■ **Work required**
Pictures excluded, retype the lines from the one containing "Тема: Вывязывание столбиков" through the last line of the data below, both included.

[Stored records]
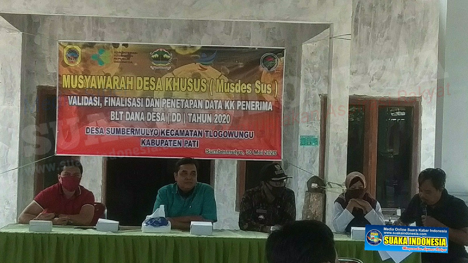 Pati,suakaindonesia.com - Guna memastikan atau validasi dan Penetapan Data Penerima Bantuan Langsung Tunai Dana Desa (BLT DD) Yang terdampak Covid 19, Pemerintah Desa Sumbermulyo Laksanakan Musdes Sus (Musyawarah Desa Khusus) Di Aula Balai Desa Sumbermulyo pada Sabtu pagi (30/5/2020) .
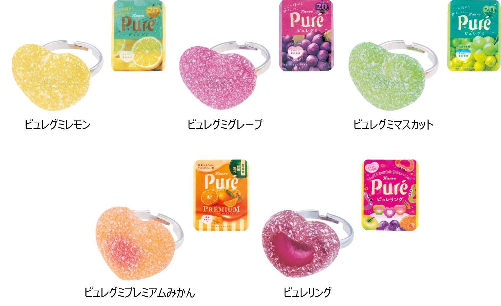 カプセルトイは第5次ブームを迎え、約3,000台のカプセル自販機を設置した専門ショップがオープンするなど近年注目を集めています。本商品は、今年発売20周年を迎えた幅広い世代に愛されている「ピュレグミ」ブランドのグミ粒を指につけられるリングにしました。リングを入れられるパッケージデザインの袋も付属。種類はピュレグミ(レモン/グレープ/マスカット)、ピュレグミプレミアムみかん、ピュレリングの5種とシークレット1種の全6種です。ピュレグミの特徴であるハート型やカラフルなカラーなどを再現しており、全種類集めたくなるようなかわいらしい仕上がりです。
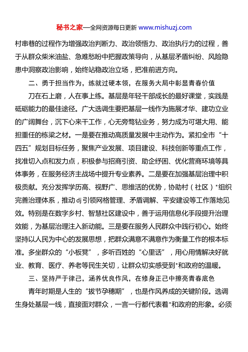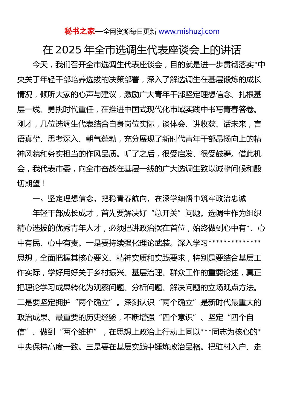 秘书之家—全网资源每日更新 www.mishuzj.com在 2025 年全市选调生代表座谈会上的讲话今天,我们召开全市选调生代表座谈会,目的就是进一步贯彻落实*中央关于年轻干部培养选拔的决策部署,深入了解选调生在基层锻炼的成长情况,倾听大家的心声与建议,激励广大青年干部坚定理想信念、扎根基层一线、勇挑时代重任,在推进中国式现代化市域实践中书写青春答卷。刚才,几位选调生代表结合自身岗位实际,谈体会、讲收获、话未来,言语真挚、思考深入、朝气蓬勃,充分展现了新时代青年干部昂扬向上的精神风貌和务实担当的作风品质。听了之后,很受启发、很受鼓舞。借此机会,我代表市委,向全市奋战在基层一线的广大选调生致以诚挚问候和殷切期望!一、坚定理想信念,把稳青春航向,在深学细悟中筑牢政治忠诚年轻干部成长成才,首先要解决好“总开关”问题。选调生作为组织精心选拔的优秀青年人才,必须把讲政治摆在首位,始终做到心中有*、心中有民、心中有责。一是要持续强化理论武装。深入学习**************思想,全面把握其核心要义、精神实质和实践要求,特别是要结合基层工作实际,学好用好关于乡村振兴、基层治理、群众工作的重要论述,真正把理论学习成果转化为观察问题、分析问题、解决问题的立场观点方法。二是要坚定拥护“两个确立”。深刻认识“两个确立”是新时代最重大的政治成果、最重要的历史经验,不断增强“四个意识”、坚定“四个自信”、做到“两个维护”,在思想上政治上行动上同以***同志为核心的*中央保持高度一致。三是要在基层实践中锤炼政治品格。把驻村入户、走秘书之家—全网资源每日更新 www.mishuzj.com村串巷的过程作为增强政治判断力、政治领悟力、政治执行力的过程,善于从群众柴米油盐、急难愁盼中把握政策导向,从基层矛盾纠纷、风险隐患中洞察政治影响,始终站稳政治立场,把准前进方向。二、勇于担当作为,练就过硬本领,在服务大局中彰显青春价值刀在石上磨,人在事上练。基层是年轻干部成长的最好课堂,实践是砥砺能力的最佳途径。广大选调生要把基层一线作为施展才华、建功立业的广阔舞台,沉下心来干工作,心无旁骛钻业务,努力成为可堪大用、能担重任的栋梁之材。一是要在推动高质量发展中主动作为。紧扣全市“十四五”规划目标任务,聚焦产业发展、项目建设、科技创新等重点工作,找准切入点和发力点,积极参与招商引资、助企纾困、优化营商环境等具体事务,在服务经济主战场中提升专业素养。二是要在加强基层治理中积极贡献。充分发挥学历高、视野广、思维活的优势,协助村(社区)*组织完善治理体系,推动 dj 引领网格管理、矛盾调解、平安建设等工作落地见效。特别是在数字乡村、智慧社区建设中,善于运用信息化手段提升治理效能,为基层治理注入新动能。三是要在服务人民群众中践行初心。始终坚持以人民为中心的发展思想,把群众满意不满意作为衡量工作的根本标准。多坐群众的“小板凳”,多听百姓的“心里话”,用心用情解决好就业、教育、医疗、养老等民生关切,让群众切实感受到*和政府的温暖。三、坚持严于律己,涵养优良作风,在修身正己中擦亮青春底色青年时期是人生的“拔节孕穗期”,也是作风养成的关键阶段。选调生身处基层一线,直接面对群众,一言一行都代表着*和政府的形象。必须秘书之家—全网资源每日更新 www.mishuzj.com时刻绷紧纪律规矩这根弦,扣好廉洁从政的“第一粒扣子”。一是要严守纪律底线。认真学习新修订的《中国共产 dj 律处分条例》,自觉遵守中央八项规定及其实施细则精神,坚决反对形式主义、官僚主义,做到心有所畏、言有所戒、行有所止。特别是在涉及惠民资金发放、项目申报审批等敏感事项上,要坚持原则、秉公办事,绝不越雷池一步。二是要弘扬务实作风。树立正确的政绩观,不搞“花架子”、不做“表面文章”,扑下身子察实情、出实招、求实效。对组织交办的任务,要雷厉风行、一抓到底;对群众反映的问题,要立说立行、及时回应,以实干赢得信任、以实绩赢得口碑。三是要保持清廉本色。注重加强家风建设,管好亲属和身边人,净化社交圈、生活圈、朋友圈。坚持艰苦奋斗、勤俭节约,反对铺张...
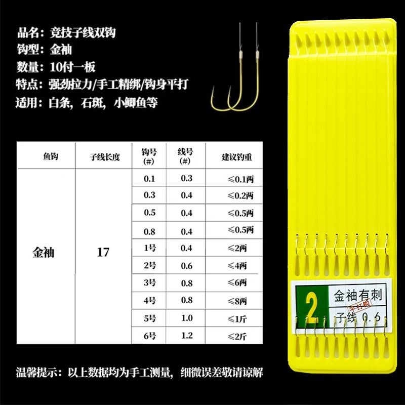 不空军渔具店 金袖子線魚鉤 最小釣魚金袖 鯽魚鉤 溪流綁好魚鉤 進口金袖短款魚鈎子綫雙鈎有刺無刺袖鈎綁好套裝
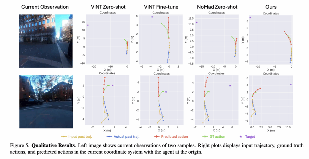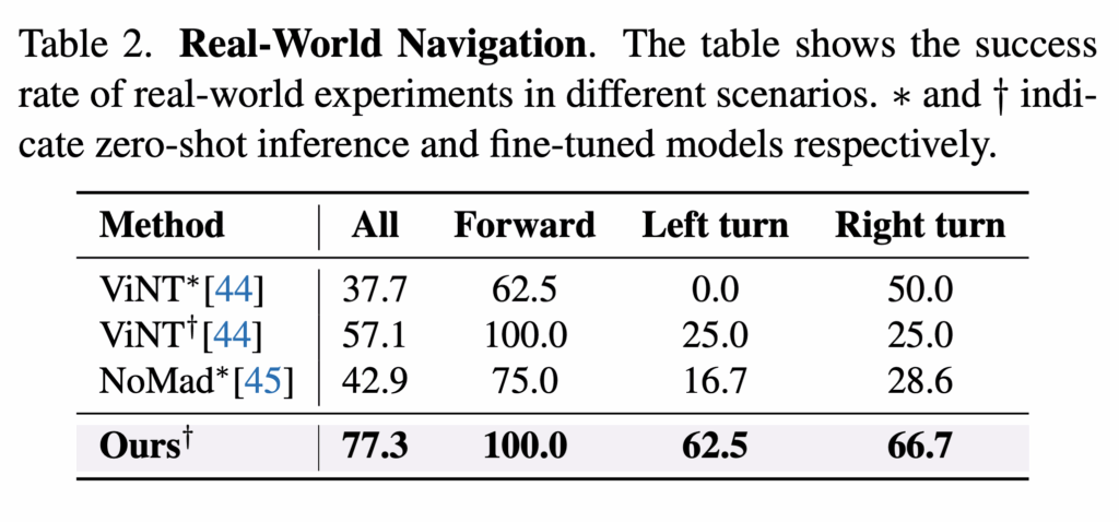 저자들이 제안한 모델을 저자들의 연구 설정과 관련있는 outdoor navigation 모델들(GNM, ViNT, NoMaD)과 비교합니다. 이 방식들은 image goal navigation이라 저자들은 수집한 데이터에서 얻은 goal image를 사용해서 입력 goal 모달리티만 바꾼 상황에서 동일한 방식으로 테스트를 진행했다고 합니다.
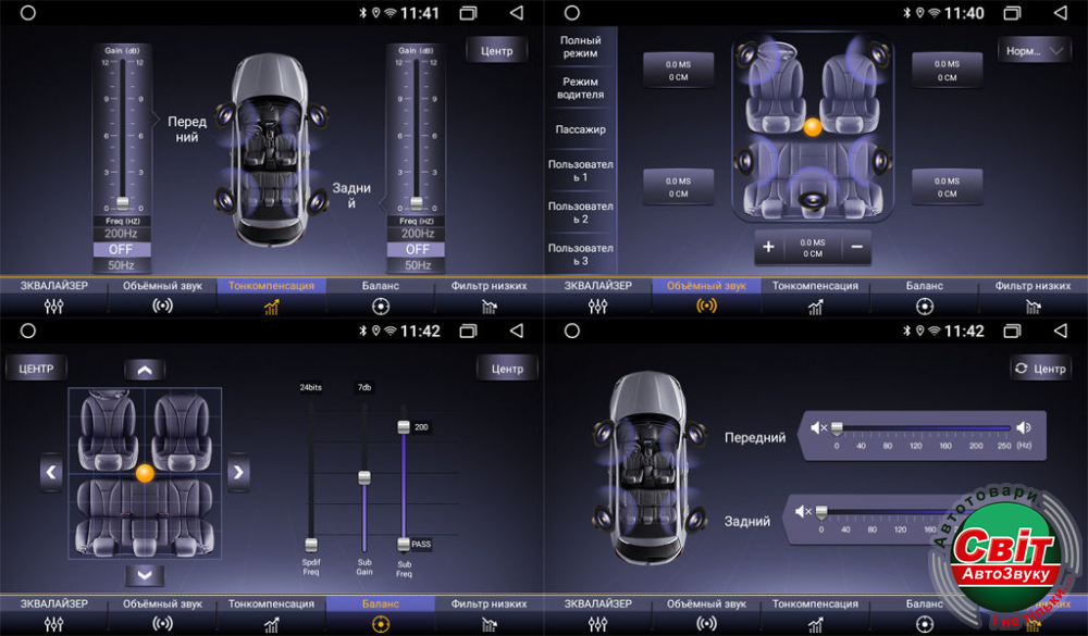 Баланс: Настройка звукового поля між пасажирами автомобіля та можливість регулювання параметрів сабвуфера Рівень і Смуга частот (Плавна настройка діапазону відтворюваних частот для сабвуфера від 0 до 250 Гц). Наприклад, можна вибрати смугу частот для сабвуфера і рівень посилення до 14 дБ.
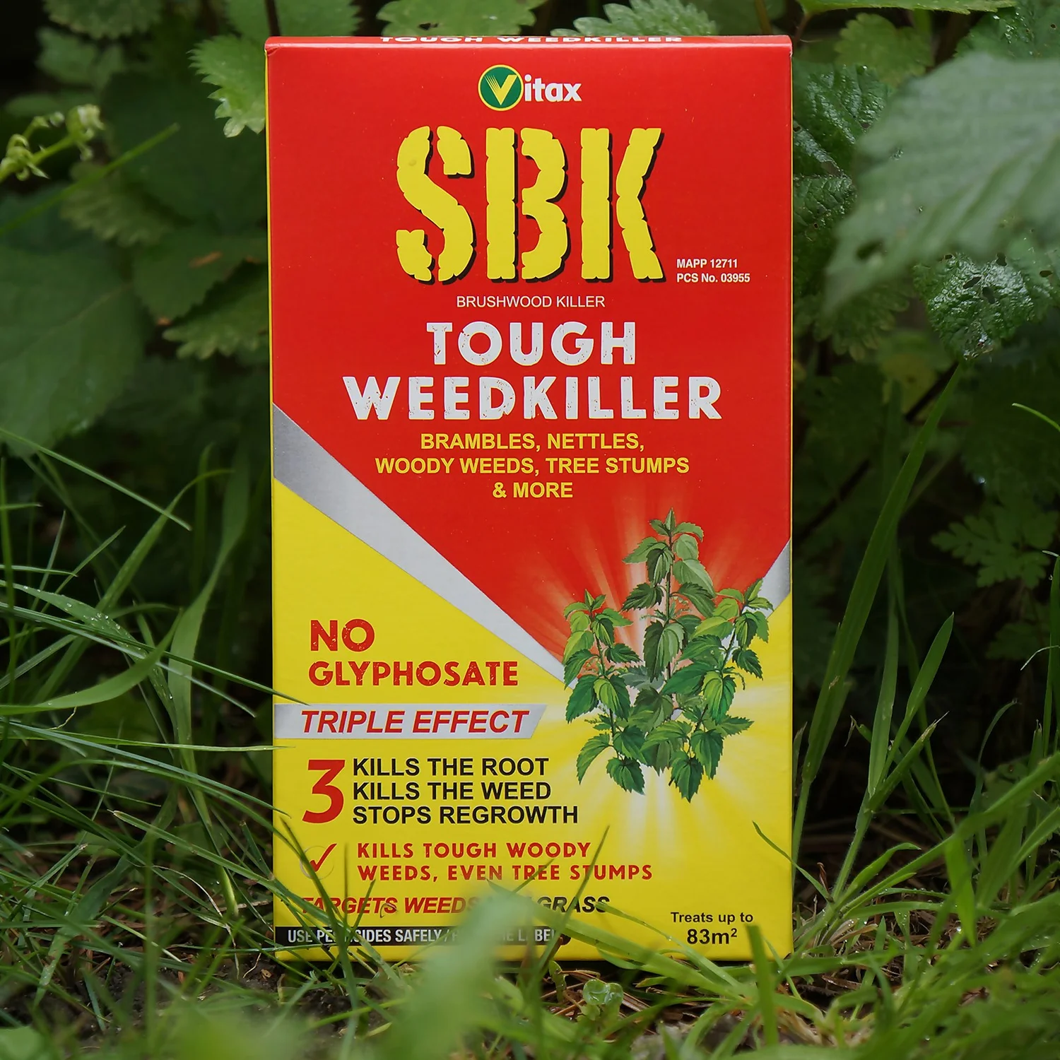 | Additional Information | This tough weedkiller has become a leading name for the effective control of brambles, thistles, nettles, dock, woody weeds and unwanted saplings and can also be used to kill off tree stumps. SBK Brushwood Killer has been specially formulated to kill weeds without harming grass and can be used safely in grassy areas but should not be used on fine turf. It is also ideal for treating neglected, non-crop areas. SBK should be used on tough and woody weeds in the spring/summer, and on tree stumps in the autumn/winter. |
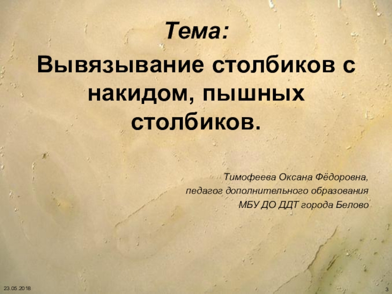 Тема: Вывязывание столбиков с накидом, пышных столбиков.Тимофеева Оксана Фёдоровна, педагог дополнительного образованияМБУ ДО ДДТ города Белово
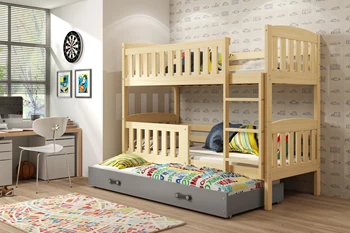 Etagenbett für drei Personen Jakob, 90x200, mit Matratze und Schublade, Kiefer/grau

■ **Written reply**
 Тема: Вывязывание столбиков с накидом, пышных столбиков.Тимофеева Оксана Фёдоровна, педагог дополнительного образованияМБУ ДО ДДТ города Белово
 Etagenbett für drei Personen Jakob, 90x200, mit Matratze und Schublade, Kiefer/grau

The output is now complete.